### Your goal
The reply should hold only the lines below beginning at the one with "登園してくると、「昨日の手袋" and ending at the one with "جوراب گیپوری ساق", copied exactly, with every picture left out.

### Data for the task
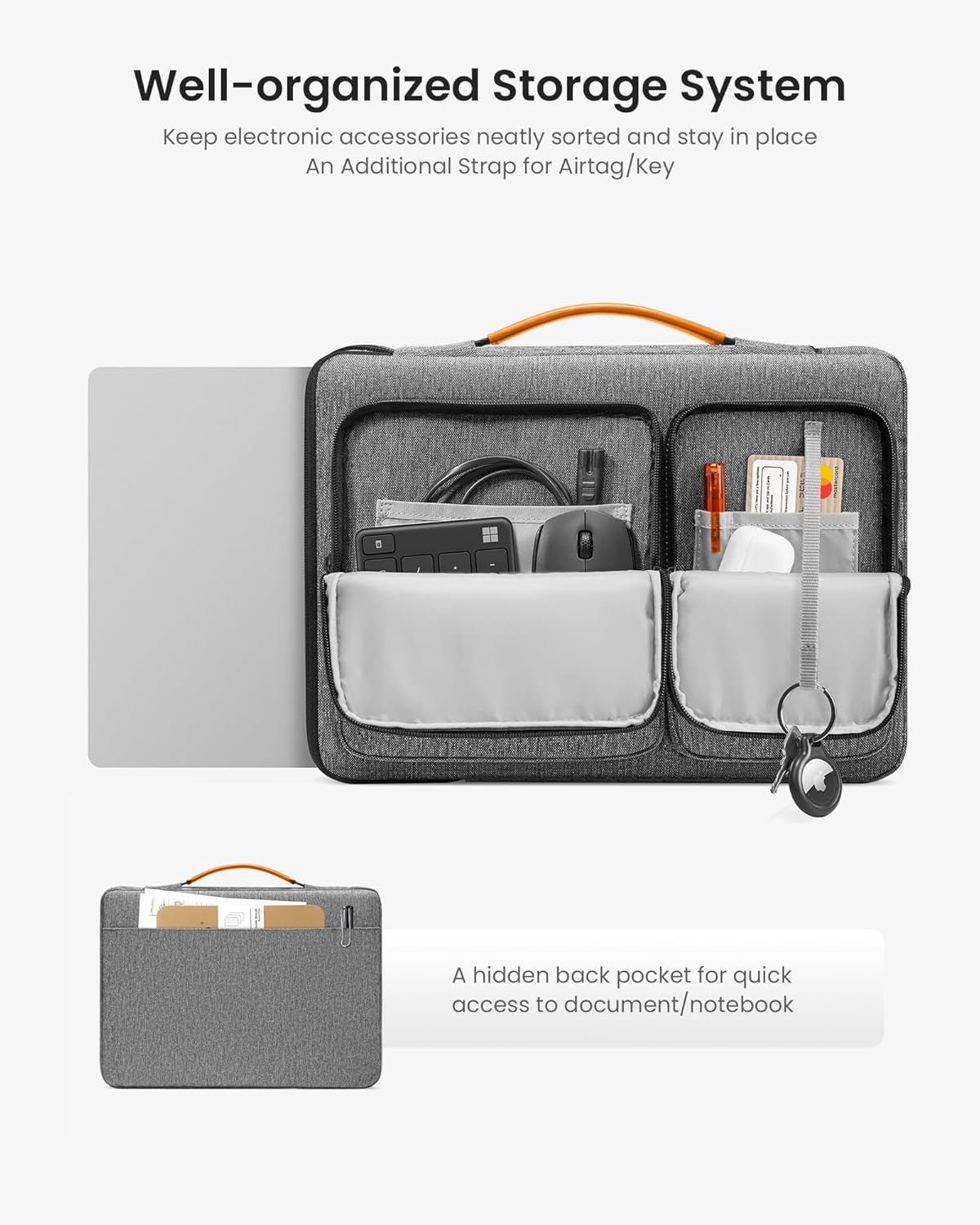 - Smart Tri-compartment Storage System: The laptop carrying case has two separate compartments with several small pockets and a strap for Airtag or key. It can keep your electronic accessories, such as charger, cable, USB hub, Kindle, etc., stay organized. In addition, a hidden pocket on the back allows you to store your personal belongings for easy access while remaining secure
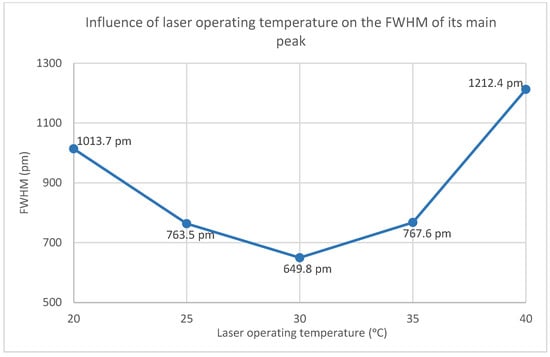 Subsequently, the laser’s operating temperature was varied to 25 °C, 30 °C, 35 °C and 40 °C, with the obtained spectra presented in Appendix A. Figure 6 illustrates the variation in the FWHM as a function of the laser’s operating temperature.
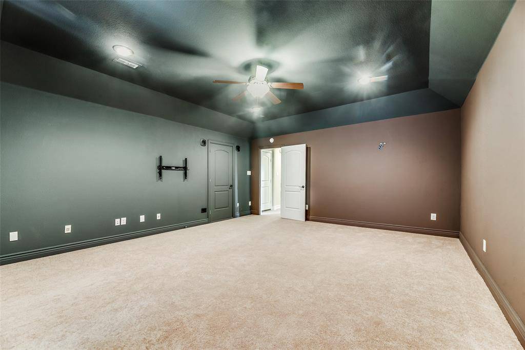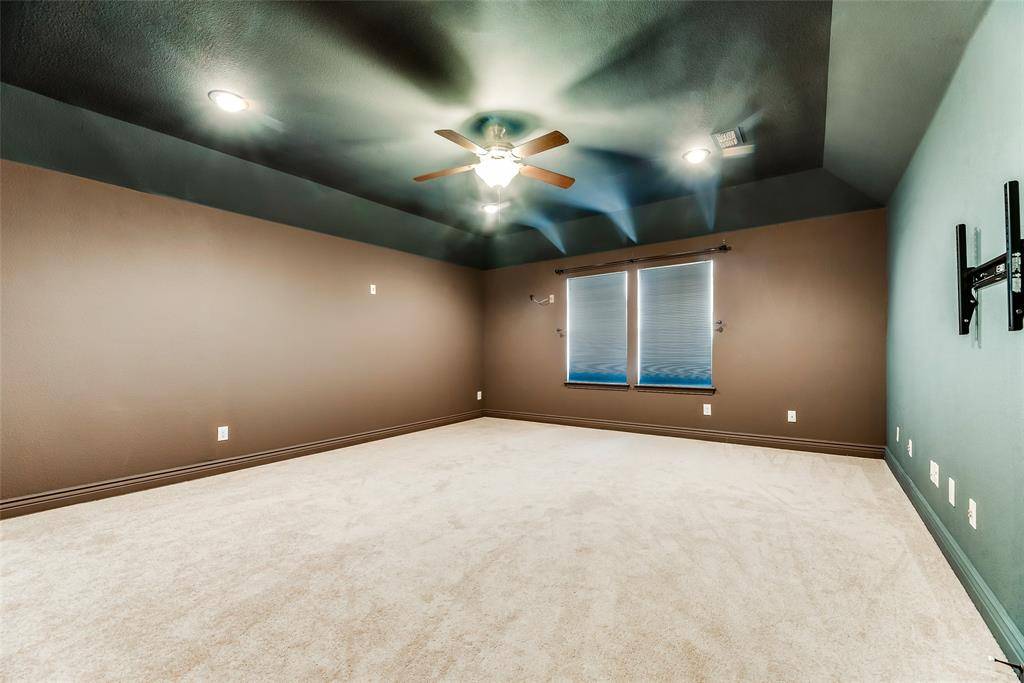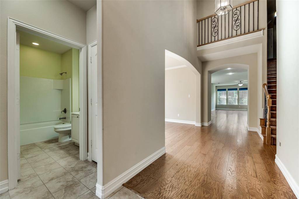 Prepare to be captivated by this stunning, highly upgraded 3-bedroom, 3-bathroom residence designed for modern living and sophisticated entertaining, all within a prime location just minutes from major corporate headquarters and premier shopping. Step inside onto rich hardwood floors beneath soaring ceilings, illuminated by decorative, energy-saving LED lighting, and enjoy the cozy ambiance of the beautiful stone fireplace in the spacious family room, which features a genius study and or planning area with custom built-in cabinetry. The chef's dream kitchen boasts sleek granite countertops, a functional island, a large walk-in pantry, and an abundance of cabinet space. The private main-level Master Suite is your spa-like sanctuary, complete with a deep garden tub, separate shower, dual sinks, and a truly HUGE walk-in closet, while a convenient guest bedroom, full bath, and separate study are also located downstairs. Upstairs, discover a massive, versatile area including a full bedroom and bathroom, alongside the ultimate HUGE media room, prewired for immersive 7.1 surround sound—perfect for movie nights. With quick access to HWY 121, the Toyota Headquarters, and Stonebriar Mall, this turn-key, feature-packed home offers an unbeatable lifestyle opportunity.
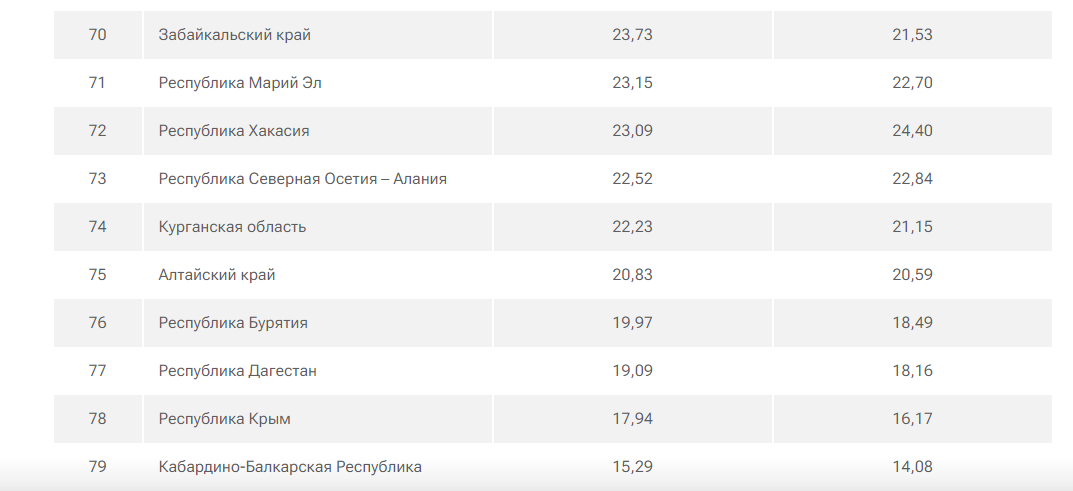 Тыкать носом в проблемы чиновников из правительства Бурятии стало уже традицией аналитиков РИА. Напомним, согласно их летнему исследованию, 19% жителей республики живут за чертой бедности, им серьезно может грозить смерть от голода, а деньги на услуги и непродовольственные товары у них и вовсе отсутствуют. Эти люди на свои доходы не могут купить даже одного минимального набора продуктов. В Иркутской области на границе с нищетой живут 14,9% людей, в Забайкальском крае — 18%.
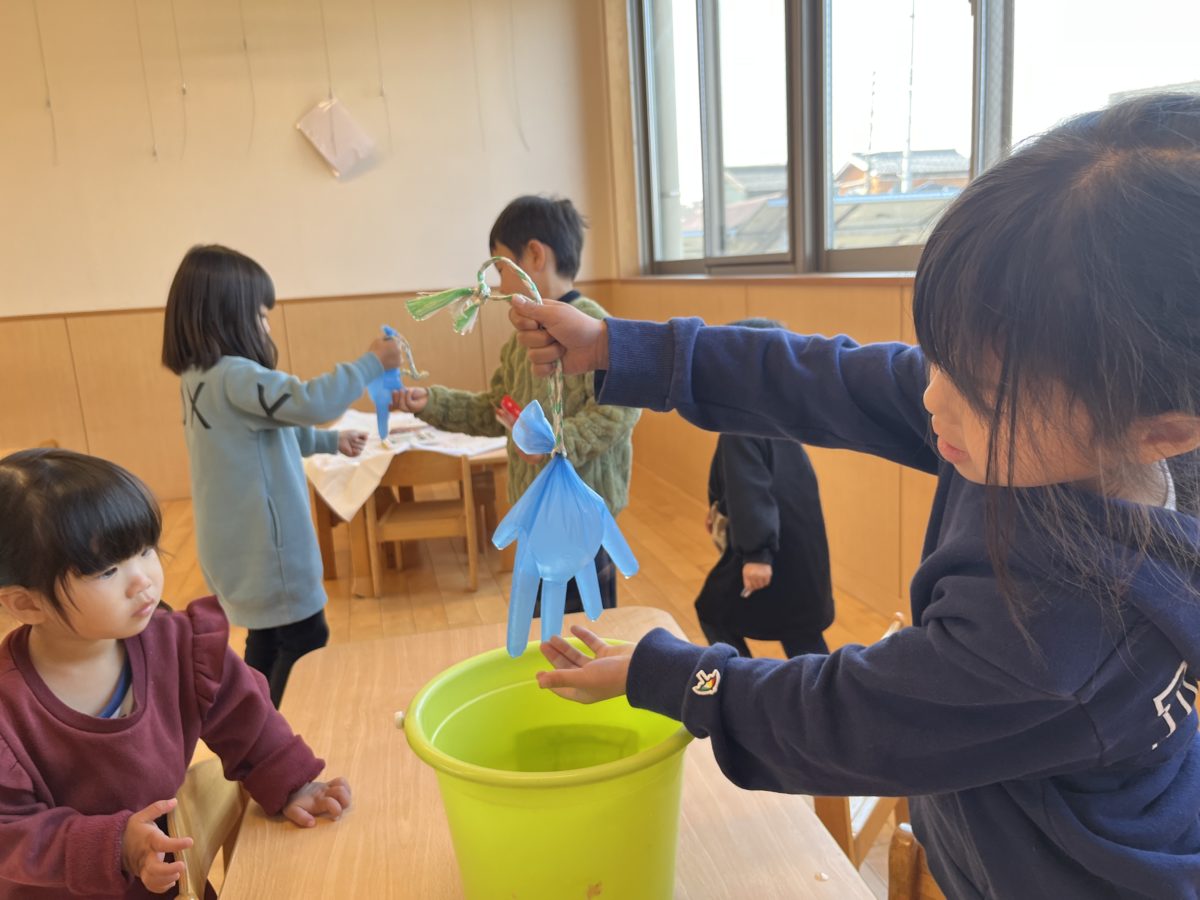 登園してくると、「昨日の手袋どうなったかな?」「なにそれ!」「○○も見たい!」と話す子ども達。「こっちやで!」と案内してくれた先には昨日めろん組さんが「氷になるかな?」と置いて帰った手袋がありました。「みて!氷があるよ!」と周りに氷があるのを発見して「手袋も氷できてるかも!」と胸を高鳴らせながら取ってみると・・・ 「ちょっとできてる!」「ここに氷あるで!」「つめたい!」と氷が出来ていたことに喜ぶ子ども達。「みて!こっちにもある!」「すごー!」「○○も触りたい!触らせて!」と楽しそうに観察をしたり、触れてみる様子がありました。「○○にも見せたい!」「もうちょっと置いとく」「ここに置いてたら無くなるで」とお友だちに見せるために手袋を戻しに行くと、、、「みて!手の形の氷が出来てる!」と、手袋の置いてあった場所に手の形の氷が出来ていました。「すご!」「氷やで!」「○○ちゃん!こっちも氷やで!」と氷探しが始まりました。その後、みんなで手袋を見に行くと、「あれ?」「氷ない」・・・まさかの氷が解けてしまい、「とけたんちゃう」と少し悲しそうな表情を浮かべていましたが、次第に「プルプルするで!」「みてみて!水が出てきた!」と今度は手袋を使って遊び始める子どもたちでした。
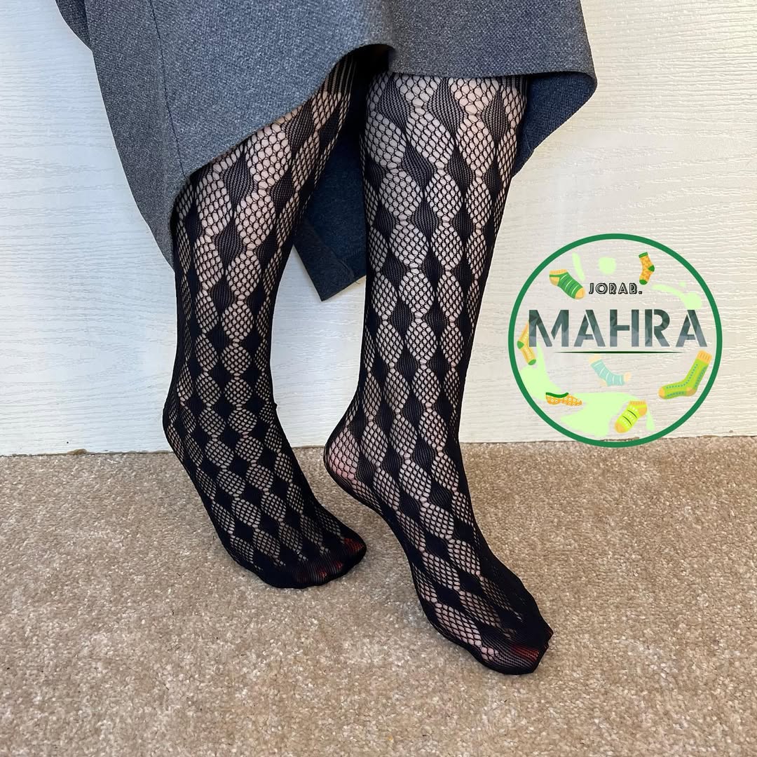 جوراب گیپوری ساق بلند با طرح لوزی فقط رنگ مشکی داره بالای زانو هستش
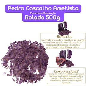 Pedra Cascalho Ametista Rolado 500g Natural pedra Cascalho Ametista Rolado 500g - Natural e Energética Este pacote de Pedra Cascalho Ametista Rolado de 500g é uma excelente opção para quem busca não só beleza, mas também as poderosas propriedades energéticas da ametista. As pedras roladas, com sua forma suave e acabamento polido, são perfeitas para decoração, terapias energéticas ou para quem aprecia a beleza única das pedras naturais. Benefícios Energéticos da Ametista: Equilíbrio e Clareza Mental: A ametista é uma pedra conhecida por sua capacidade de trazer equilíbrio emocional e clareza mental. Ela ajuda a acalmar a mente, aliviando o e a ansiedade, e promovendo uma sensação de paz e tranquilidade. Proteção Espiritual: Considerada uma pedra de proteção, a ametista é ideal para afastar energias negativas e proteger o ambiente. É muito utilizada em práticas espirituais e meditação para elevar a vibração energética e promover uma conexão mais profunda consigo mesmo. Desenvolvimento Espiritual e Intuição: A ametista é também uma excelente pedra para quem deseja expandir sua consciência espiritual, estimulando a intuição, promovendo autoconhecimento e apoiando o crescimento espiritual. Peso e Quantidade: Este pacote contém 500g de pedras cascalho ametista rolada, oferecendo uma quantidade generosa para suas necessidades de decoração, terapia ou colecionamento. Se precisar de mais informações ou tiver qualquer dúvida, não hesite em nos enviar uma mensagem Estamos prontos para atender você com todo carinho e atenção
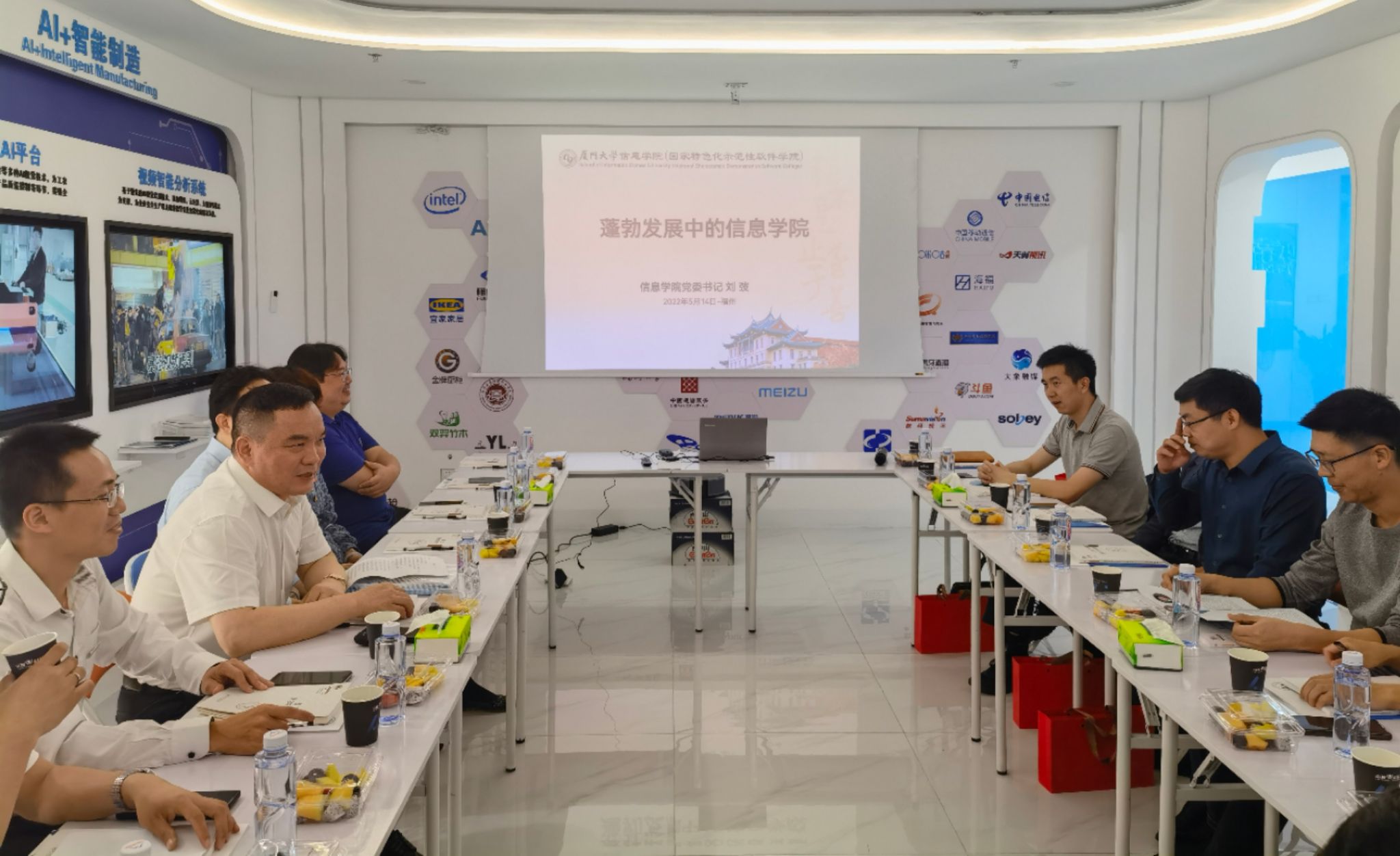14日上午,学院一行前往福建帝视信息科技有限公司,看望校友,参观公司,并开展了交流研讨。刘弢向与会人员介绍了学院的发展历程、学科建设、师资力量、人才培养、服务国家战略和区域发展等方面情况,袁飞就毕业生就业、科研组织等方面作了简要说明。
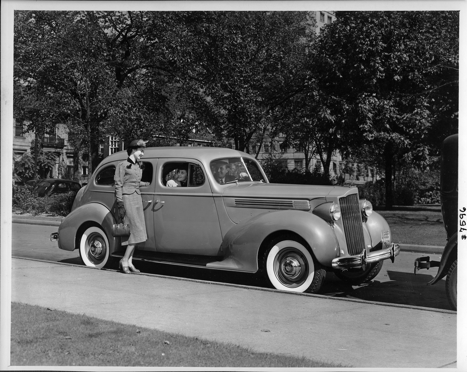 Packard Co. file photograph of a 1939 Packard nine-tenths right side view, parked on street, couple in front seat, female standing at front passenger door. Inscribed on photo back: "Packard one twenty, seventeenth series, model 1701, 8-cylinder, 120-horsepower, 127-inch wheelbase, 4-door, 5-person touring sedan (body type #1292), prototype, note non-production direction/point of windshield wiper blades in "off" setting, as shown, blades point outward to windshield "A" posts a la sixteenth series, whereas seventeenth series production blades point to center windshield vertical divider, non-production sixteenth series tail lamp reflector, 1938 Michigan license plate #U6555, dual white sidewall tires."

### Exercise solution
 登園してくると、「昨日の手袋どうなったかな?」「なにそれ!」「○○も見たい!」と話す子ども達。「こっちやで!」と案内してくれた先には昨日めろん組さんが「氷になるかな?」と置いて帰った手袋がありました。「みて!氷があるよ!」と周りに氷があるのを発見して「手袋も氷できてるかも!」と胸を高鳴らせながら取ってみると・・・ 「ちょっとできてる!」「ここに氷あるで!」「つめたい!」と氷が出来ていたことに喜ぶ子ども達。「みて!こっちにもある!」「すごー!」「○○も触りたい!触らせて!」と楽しそうに観察をしたり、触れてみる様子がありました。「○○にも見せたい!」「もうちょっと置いとく」「ここに置いてたら無くなるで」とお友だちに見せるために手袋を戻しに行くと、、、「みて!手の形の氷が出来てる!」と、手袋の置いてあった場所に手の形の氷が出来ていました。「すご!」「氷やで!」「○○ちゃん!こっちも氷やで!」と氷探しが始まりました。その後、みんなで手袋を見に行くと、「あれ?」「氷ない」・・・まさかの氷が解けてしまい、「とけたんちゃう」と少し悲しそうな表情を浮かべていましたが、次第に「プルプルするで!」「みてみて!水が出てきた!」と今度は手袋を使って遊び始める子どもたちでした。
 جوراب گیپوری ساق بلند با طرح لوزی فقط رنگ مشکی داره بالای زانو هستش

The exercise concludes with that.